Ramsay Streak

I’ve lost track of whether I’ve seen Lynn Ramsay’s Ratcatcher (1999) or Morvern Callar (2002), but I was disappointed by We Need To Talk About Kevin (2011) – suckered in by Tilda Swinton, ignoring the Lionel Shriver klaxon.

I knew nothing about Die My Love (2025), aside from postpartum depression and it took me a ridiculously long time to recognise Jennifer Lawrence as Grace, the mother, and Robert Pattison as Jackson. Grace is increasingly isolated in their inherited rural home, left to bring up the child as Jackson does whatever job it is he does. It’s the sort of film you’d hope was obsolete – the growing stresses, the walls closing in, the is-it-gaslighting. And the sort of horror for mother from the era of Rosemary’s Baby – Grace’s body language also suggests she is some kind of Stepford wife, her batteries liable to run down.

But this feels – despite the traumatic ending – like the sort of horror film made by someone who doesn’t like horror films. Like, say, Hereditary (Ari Aster, 2018). Maybe directors can subvert the law of Chekhov’s gun, but there’s a bloody great knife abandoned in the meadow that ought to do some nasty damage.

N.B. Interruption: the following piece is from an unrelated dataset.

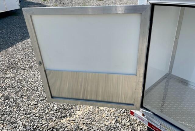 This trailer is designed to handle tough tasks and provide lasting performance. It features durable 3/4" engineered flooring with a 15-year warranty and stylish marble laminate flooring. Equipped with a 15,000 BTU A/C unit, it ensures comfort during hot weather. The 5200LB torsion axle upgrade, spread axle configuration, and Dexter torsion axles provide excellent towing stability, while electric brakes on all 4 wheels give you precise control. A one-piece aluminum roof and .030 screwed aluminum exterior offer long-lasting protection, and the aluminum wheels with a 6-lug pattern, along with aluminum fenders, give it a sleek, strong finish. Inside, you’ll find practical straight upper cabinets, an L-shaped base cabinet, and white vinyl walls and ceilings that contribute to a clean, professional interior. A 36"X36" generator door ensures easy access to your generator, and the LED lighting package, which includes (4) 12"X24" 12-volt LED panel lights and (2) 24" exterior 12V flood lights, provides ample illumination. The trailer also offers (3) 110V receptacles, (1) GFI 110V receptacle, (1) LED hookup light, and a USB port to power your devices. A V-nose and dove tail design make it easier to tow and access, while the 48" side door with flush lock ensures security and convenience. The 50 amp RV inlet with a 50 amp RV cord, 70 amp smart charger, and 12V battery with a box keep your power needs covered. Additional features include a 2-5/16" ball coupler, LED lights, a 7-way RV plug, safety chains, a spring assist ramp door with flap, and (4) D-rings installed in the floor for secure tie-down points. With 16" on-center floor, walls, and ceiling, this trailer is built for strength and durability, making it a great choice for a wide range of uses.

There’s some interesting camera work – many static, fixed shots, but it felt too much like too many opportunities were missed. And the minor characters (notably those played by Sissy Spacek and Nick Nolte) steal the screen.

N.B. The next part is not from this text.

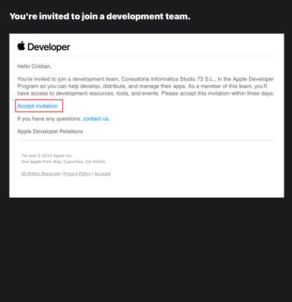 En el correo electrónico nos encontraremos con un mensaje cómo el de la imagen, en el que tendremos que dar clic a "Accept invitation".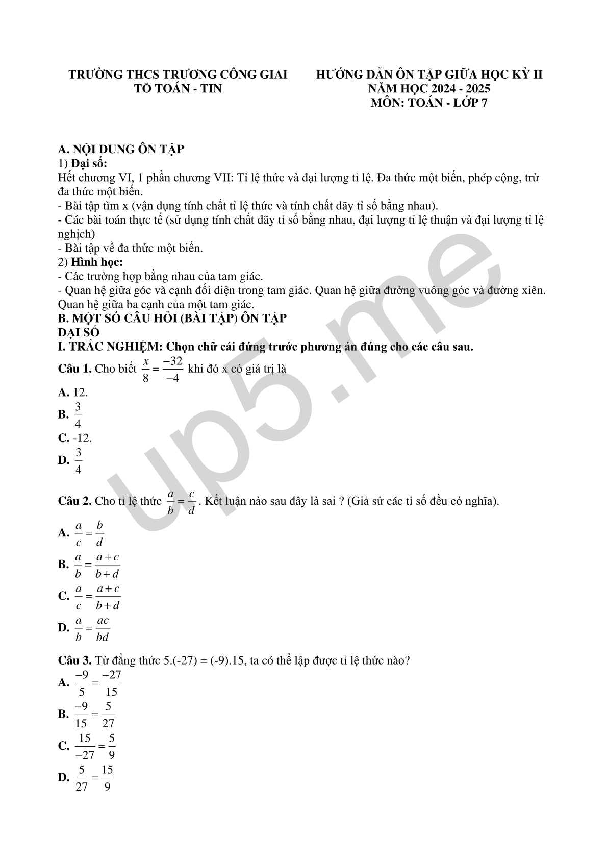 HƯỚNG DẪN ÔN TẬP GIỮA HỌC KỲ II NĂM HỌC 2024 - 2025 MÔN: TOÁN - LỚP 7 |

You Were Never Really Here (2017) is on firmer generic ground – a thriller that updates the trafficking narrative of Get Carter (Mike Hodges, 1971) with the editorial strategy of a Nicolas Roeg or Point Blank (1967) era John Boorman and a dose of Taxi Driver (Martin Scorsese, 1976). Oh, and Joe (Joaquin Phoenix) even hums Bernard Herrmann’s score to Psycho (1960), if not the one for Taxi Driver.

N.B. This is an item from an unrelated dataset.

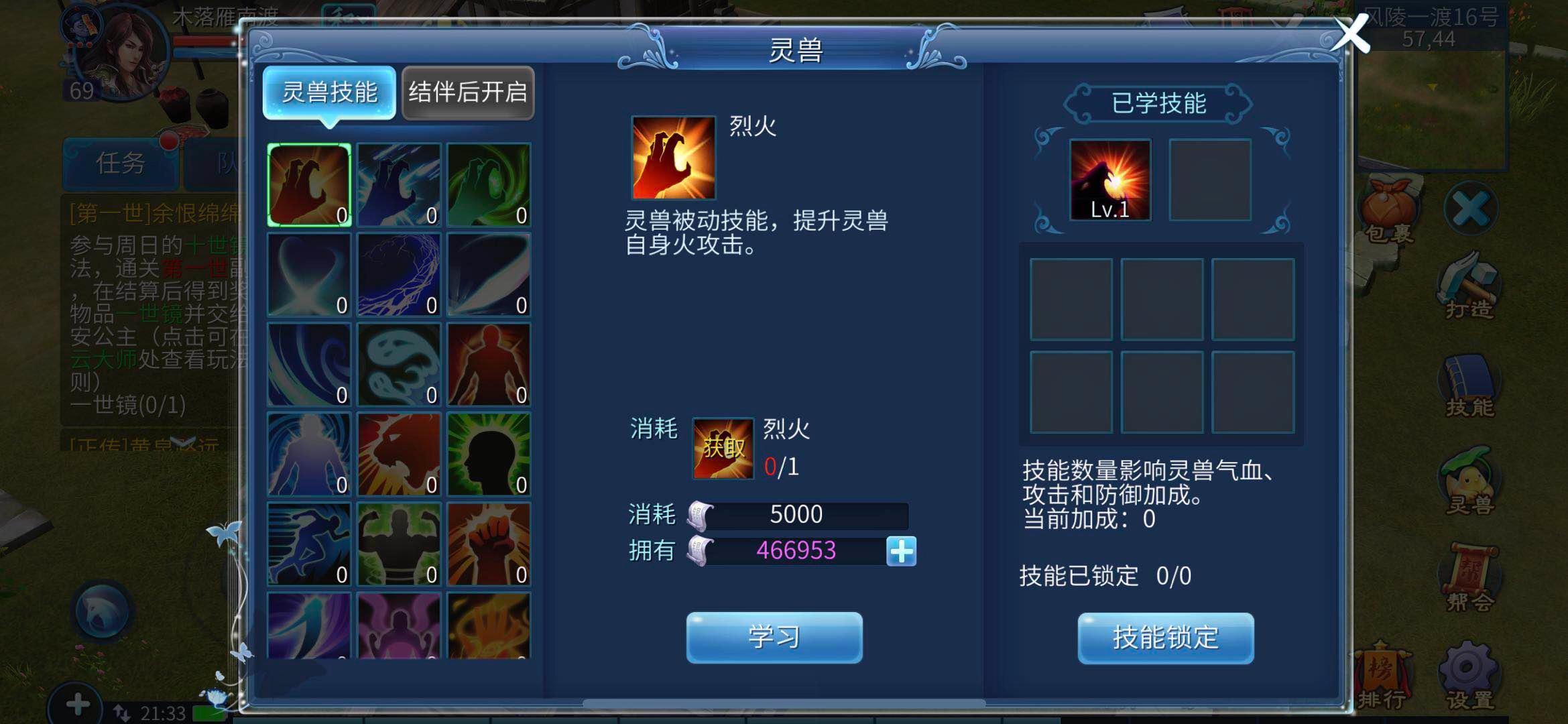 玩家的灵兽里,除了神兽之外,基本没有能在一级就获得宠物技能的。所以玩家得先给灵兽升级,开启第一个技能格子。通常情况下,当宠物达到五十级时,玩家就能让宠物拥有技能了,这些技能是宠物自己学习掌握的。而神宠在一级时就自带灭威类或固元类技能,到五十级会开启新的技能格子,届时就能学习新技能了。

Hired hand Joe is sent to retrieve the abducted daughter Nina (Ekaterina Samsonov) of Senator Votto (Alex Manette) and this goes remarkably smoothly – discounting the multiple body count and the traumatic flashbacks. But things start going wrong and those behind the sex ring want their revenge. Joe kills numerous people, but Ramsay undercuts the gothic spectacle by choosing to use CCTV footage to distance us from the worst. She hints at an ending Taxi Driver could never have given us – even as we can never be quite sure what is real within the film or Joe’s memory and imagination.